The CFPB $8 Late Fee Rule Explained

Under Regulation Z (12 CFR 1026.52), the CFPB's 2024 final rule caps late fees at $8 for large card issuers — banks with 1 million+ open accounts holding roughly 95% of US credit card balances. Smaller issuers retain the CARD Act safe harbor: $32 for first late payment, $43 for any additional late within six billing cycles (2025 figures, adjusted annually). The new rule prohibits piggyback fees and requires fees not to exceed 25% of the minimum payment due.

State Usury Caps and Late Fees

State usury laws govern smaller-issuer and store cards. Most state caps for revolving credit are 18–24% APR (NY 16%, FL 18%, CA 10% retail but national banks pre-empt under Marquette doctrine).

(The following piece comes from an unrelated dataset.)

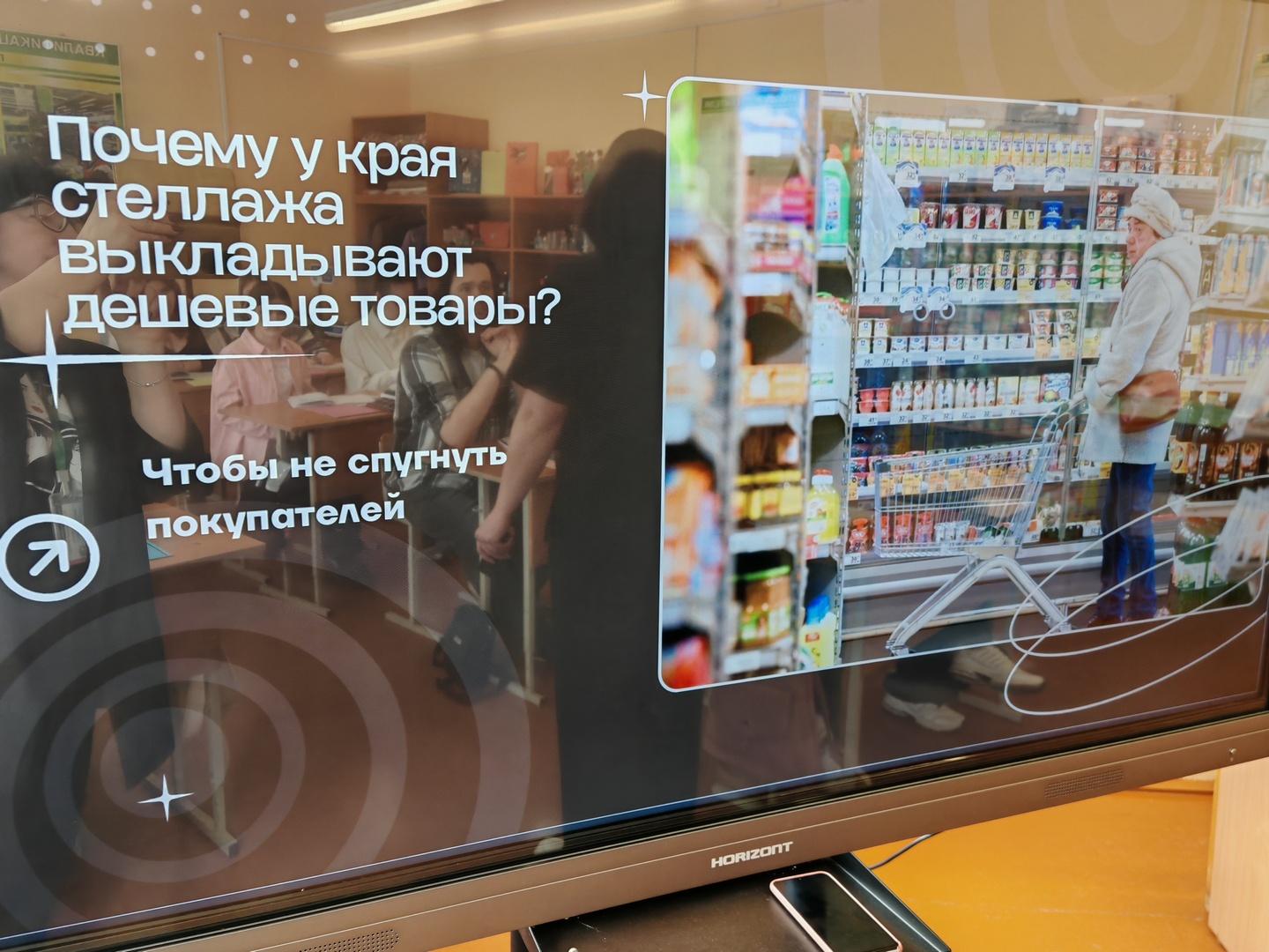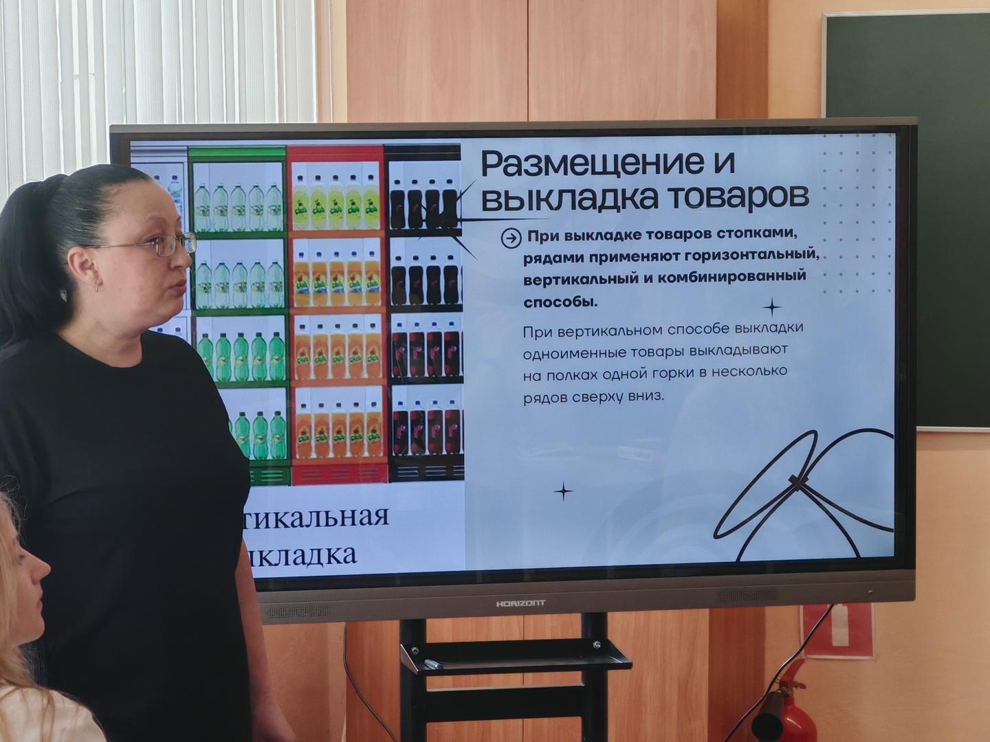 Екатерина Александровна наглядно продемонстрировала будущим продавцам, как грамотное зонирование, «золотая полка» и правила товарного соседства влияют на покупательский спрос. Учащиеся не только повторили теорию, но и в режиме реального времени выполнили практическое задание: организовали выкладку условного ассортимента, избегая типичных ошибок.

Late fees themselves are generally state-pre-empted by the National Bank Act when the issuing bank is chartered in Delaware, South Dakota, or Utah — which is why nearly every major card has those state addresses on the statement. Store cards issued under state law (e.g., Synchrony, Comenity) follow the host-state cap.

Penalty APR Impact On Your Balance

Under CARD Act, the penalty APR (typically 29.99%) can be applied if you are 60+ days past due, and it must be reset to your regular APR after 6 consecutive on-time payments. On a $2,500 balance, the penalty APR adds roughly $30/month in extra interest on top of the late fee — often a bigger long-term cost than the fee itself. Always call the issuer within 60 days of a missed payment to negotiate fee waiver; first-late-payment waiver is granted in 70%+ of requests (CFPB consumer complaint data).

Common Late Fee Mistakes

(1) Paying the listed fee without checking the cap — large-issuer fees over $8 may be in violation pending CFPB rule status. (2) Not requesting a waiver — first-late waivers are routinely approved. (3) Letting it hit 60 days — that's when penalty APR triggers and credit bureau reporting begins. (4) Ignoring the 25% minimum payment cap — Reg Z forbids late fees exceeding 25% of the minimum due, so a $20 minimum can't trigger a $32 fee even at a smaller issuer.

Last updated May 2026. Sources: CFPB 12 CFR 1026.52 final rule (March 2024); CARD Act 2009; state usury statutes.